Sunday, January 9, 2011

Chapter 3.2

Chapter 3.2:  it's time to put your big girl pants on and step up

I was in trouble.  I just got the biggest news I would ever receive... I was going to have a baby.  This reality brought a swell of thoughts, fears, decisions...  Although I instantly knew what the decision would be.  I would be a mother.  

As liberal as I am in letting others make choices regarding this difficult decision - there was never a choice for me.  I made the decisions that led to this, I was going to take responsibility for that choice.

My boyfriend was thrilled, and so was his family.  My family was, well, the opposite.  
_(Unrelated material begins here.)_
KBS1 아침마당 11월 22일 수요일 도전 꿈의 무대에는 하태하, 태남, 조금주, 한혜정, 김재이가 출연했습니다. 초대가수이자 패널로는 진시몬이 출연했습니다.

I was just a scared kid, but I knew what I had to do and that was -  grow up.  My number one priority now was being the very best I could for that baby.  I didn't want my baby to have the same beginnings that I did or it's dad did.

Now what did this mean for me and chris?  We had been dating for only 3 months.  We didn't even know each other - let alone know ourselves.  
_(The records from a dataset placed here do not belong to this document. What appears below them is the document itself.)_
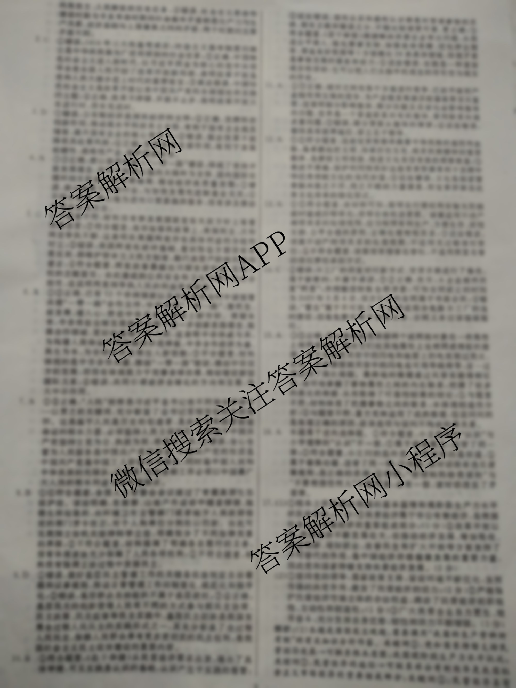 - (高三)(黄冈八模)2024届政治模拟测试卷(安徽)(二)2答案
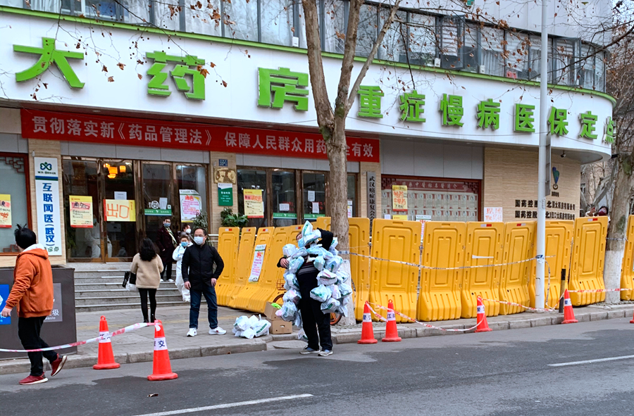 2月22日,王春波從藥店出發(fā),給周邊小區(qū)的居民送藥。新冠肺炎疫情防控工作啟動以來,在決戰(zhàn)之地武漢,有一群“平民英雄”默默付出鮮為人知。他們雖不是醫(yī)護(hù)人員,但也活躍在城市抗擊疫情的各個戰(zhàn)線上,力所能及地幫助他人,義無反顧的堅守自己的“戰(zhàn)場”,為抗擊疫情加油助力。近日,記者走近這群“平民英雄”,用鏡頭記錄下他們不平凡的身影。新華社記者熊琦攝
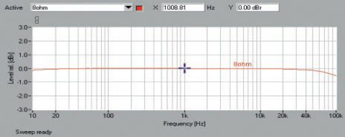 Wybornie przedstawia się pasmo przenoszenia (rys.1), liniowość jest nie tylko znakomita przy 10 Hz, przy 100 kHz spadek nie przekracza -0,6 dB.
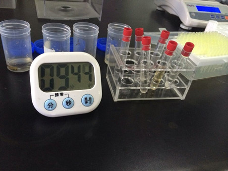 1、稱取0.1g茶葉樣品于樣品提取瓶中,加8ml農(nóng)殘緩沖液,8ml緩沖液震蕩提取30秒,靜置2分鐘。
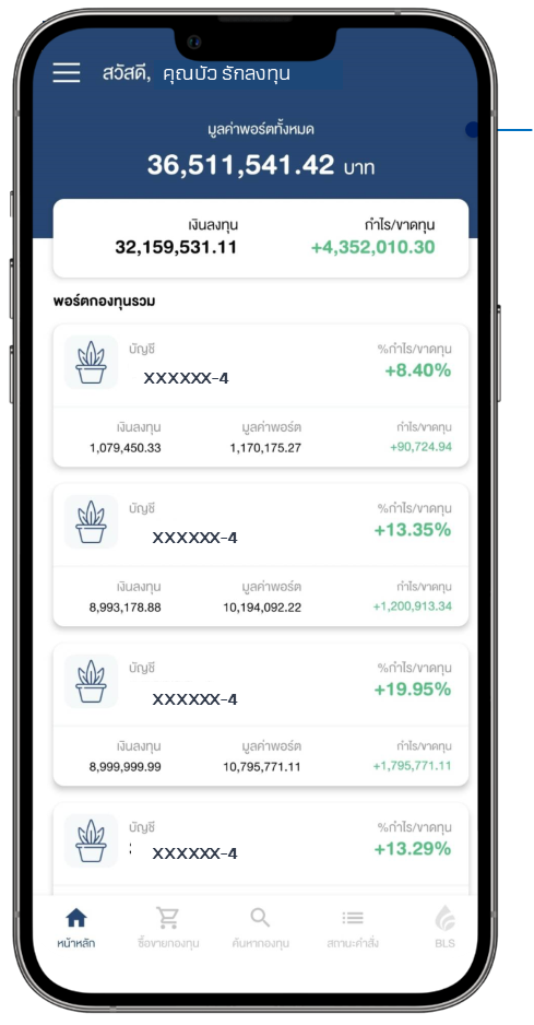 หน้าหลักบนแอป Streaming Fund+ แสดงข้อมูลบัญชีกองทุนรวม ได้แก่ เลขที่บัญชีของกองทุนรวม, %กำไร/ขาดทุน, กำไร/ขาดทุน, เงินลงทุน, มูลค่าพอร์ต
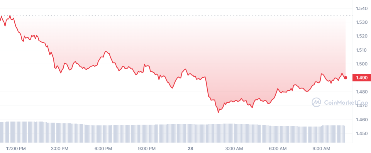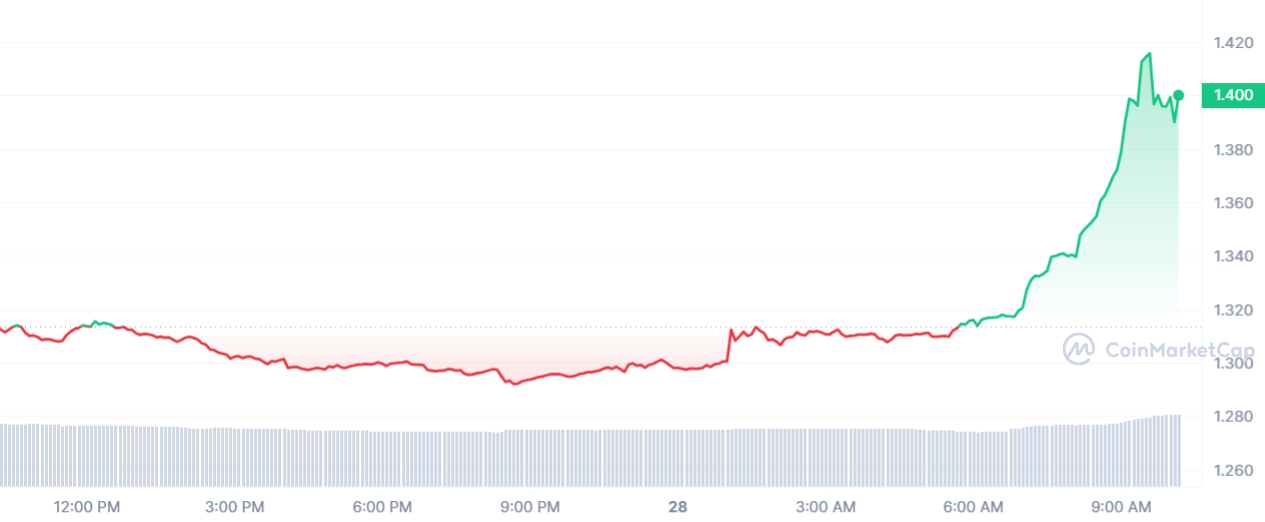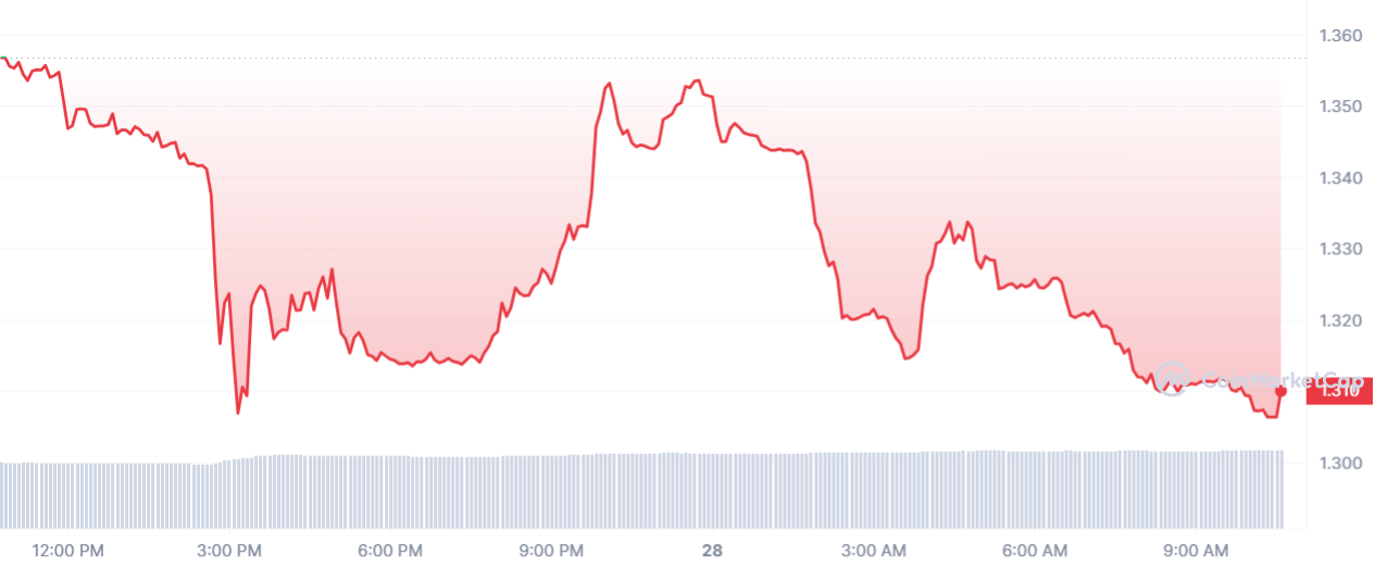 Avec cette nouvelle baisse, le jeton TON maintient sa dynamique, sa place sur le podium et sa couleur teintée de sang. Au final, c’est 3,93 % qui est perdu sur une journée, et un prix qui s’abaisse tranquillement mais surement à 1,30 $.
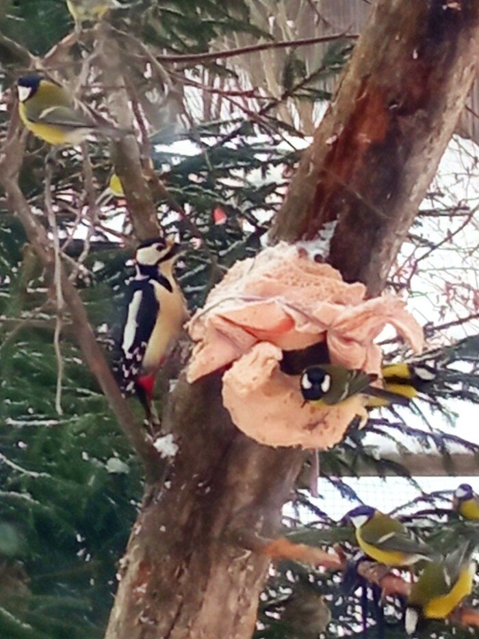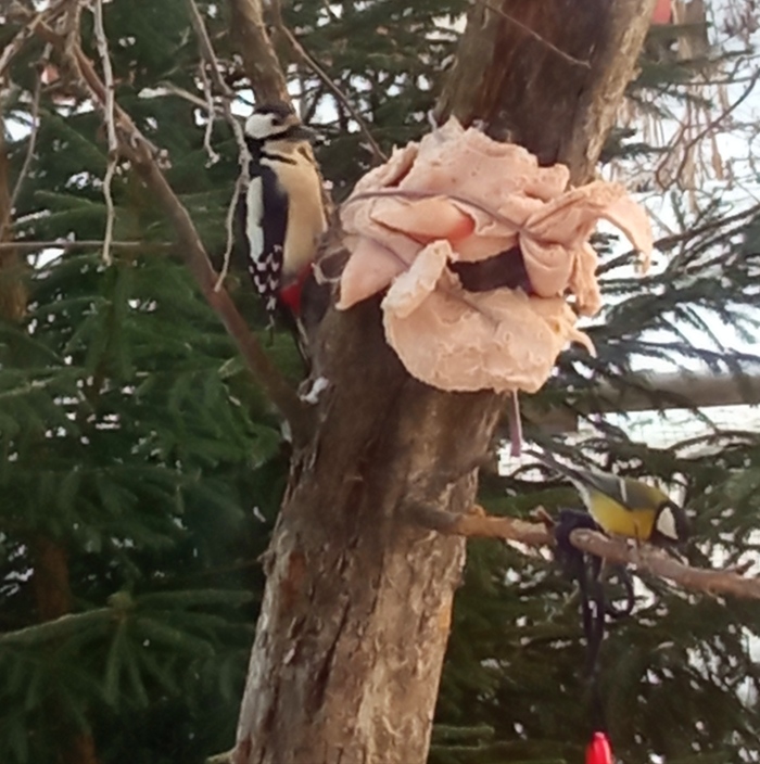 Большой пёстрый дятел показывает большим синицам, что его большесть больше синичной. Так как сала не оказалось-то пришлось довольствоваться семечками.

Just two years before I had been leading in cell group (bible study) as a 16 year old that was committed to the Lord and His promises.  I was going to do things the right way.  The name "Rachel" in Hebrew means - ewe and mother.  I was asked to teach a lesson in my bible study about God as our Shepherd and how we were His sheep.  And just like the shepherd will leave his herd to go after the one missing sheep - God will seek us out when we are lost if we call on Him.

I remembered this a few days after I found out.  I was a child of God, regardless if I lost my way and left the herd for a while.
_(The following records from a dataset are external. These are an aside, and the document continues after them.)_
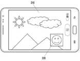 여기서 상기 도 2b 및 도 2c는 상기 제2이미지센서125에서 촬영되는 제2이미지220가 표시부130의 좌측 하단 영역에 고정 표시되는 예를 도시하고 있다. 그러나 상기 부화면으로 표시되는 이미지는 필요에 따라 가변적으로 표시영역을 설정할 수 있다. 예를들면 상기 부화면 표시영역은 이미지센서(예를들면 제2이미지센서125)와 인접한 영역에 표시할 수도 있다. 이는 제2이미지센서125의 경우, 듀얼  모드시 사용자의 이미지를 촬영하게 되며, 이런 경우 제2이미지센서125와 근접한 위치에 부화면 표시영역을 설정하면 자연스러운 부화면 이미지를 획득할 수 있기 때문이다. 즉, 제2이미지센서125에 근접한 위치에 부화면 표시영역을 설정하면 제2이미지센서125의 촬영 방향(화각)과 사용자의 시선을 최대한 일치시킬 수 있으며, 이로인해 자연스러운 사용자의 이미지를 획득할 수 있다. 상기와 같이 부화면 이미지를 표시하는 경우, 상기 제어부100은 촬영 요구시 프리뷰 모드에서 표시되는 부화면 이미지를 캡쳐하며, 합성시 원래 위치되어야할 부화면 영역으로 캡쳐된 부화면 이미지를 이동시켜 주화면 이미지에 합성하는 방법을 사용할 수 있다.2B and 2C illustrate an example in which the
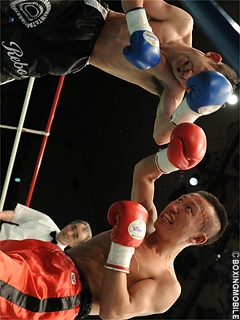 試合:元木の左ボディがポイントを奪う。元木が的確に左ボディをレバーに突き刺せば、岨野も距離を取って左フック・右ストレートで反撃を試みる。岨野は打っては離れのボクシングで距離を活かしたかったが、元木が前に出て左ボディ・ワンツー連打を打ち込みポイントを奪った。
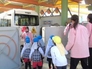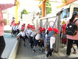 芝生広場で遊んだ後、お迎えに来てくれたバスに乗って幼稚園に帰りました。
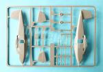 The fuselage sidewalls lack any detail. The cockpit and cabin floors are molded as a single piece. The cockpit includes a seat, a control stick, and rather poor pedals. The instrument panel is too short, showing only three raised gauges instead of the five on the actual panel. The cabin has side benches of varying capacities in the front and rear. These parts have separate supports and show raised base slats.
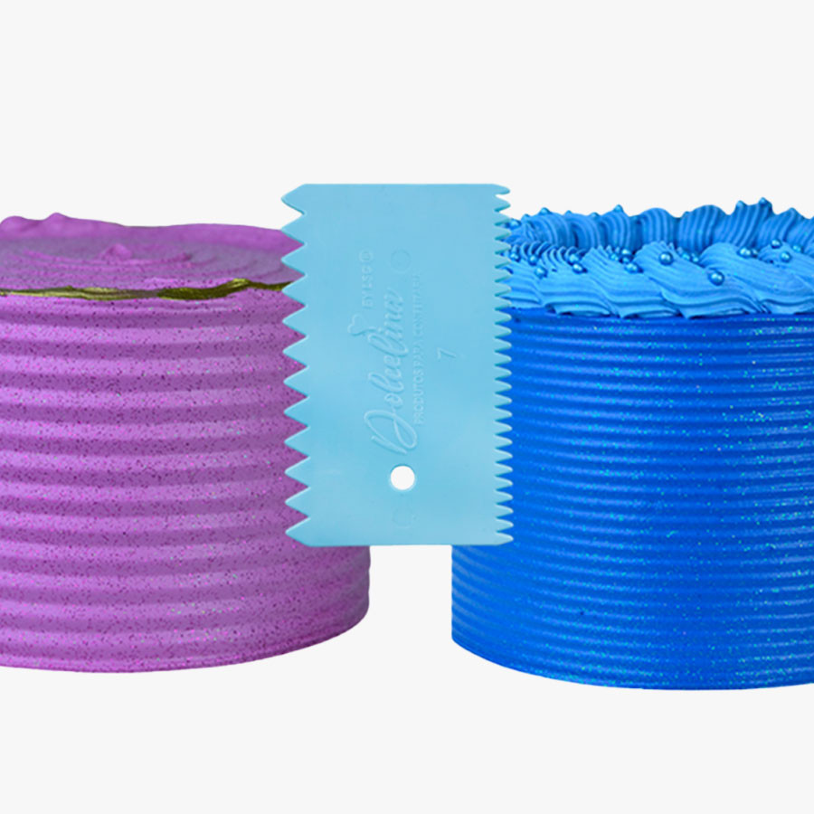 Faça decorações incríveis em chantilly, buttercream, com esta Espátula Decorativa para bolos e tartes. A ferramenta perfeita para transformar bolos simples numa verdadeira obra de arte. São resistentes, produz um resultado homogêneo a toda circunferência do bolo. Cada lado da espátula produz uma decoração diferente. Crie texturas atraentes, padrões delicados e detalhes impressionantes.

I remember sitting in my bath tub, crying, and I called out to the Lord out loud - "God, help me.  I've messed up.  I don't know what to do.  I don't know how to tell my mom.  I don't want to give up on my dreams.  I want to be a good mom.  I want to know You again.  I want to do Your will.  I need strength and courage."

As my tears rolled down my cheeks and into the water I remember feeling... Just feeling.  For so much of my life I was told not to feel, not to dwell in things, but to put on my big girl pants, to suck it up, and move on.  I never knew what it was like to process emotions or to learn how to feel.  I just knew how to keep emotions buried, and walls built up.  

As I sit there in one of the scariest, loneliest times, a wave of peace melted over me.  When I called out for Him, He answered.  I was going to be okay.  In that moment, I remembered the prayer I asked for as a little kid over and over again throughout the years- I had wanted a baby and marriage by age 19.  Was this a self-fulfilling prophecy?  This wasn't the way I had planned that prayer.  

When you ask God to give you, your will, and not His will be prepared to understand that may mean serious challenge and struggle.  

God was going to take care of me, even if I had made a mess of doing it my way for too long.  I just had to fix my eyes on Him.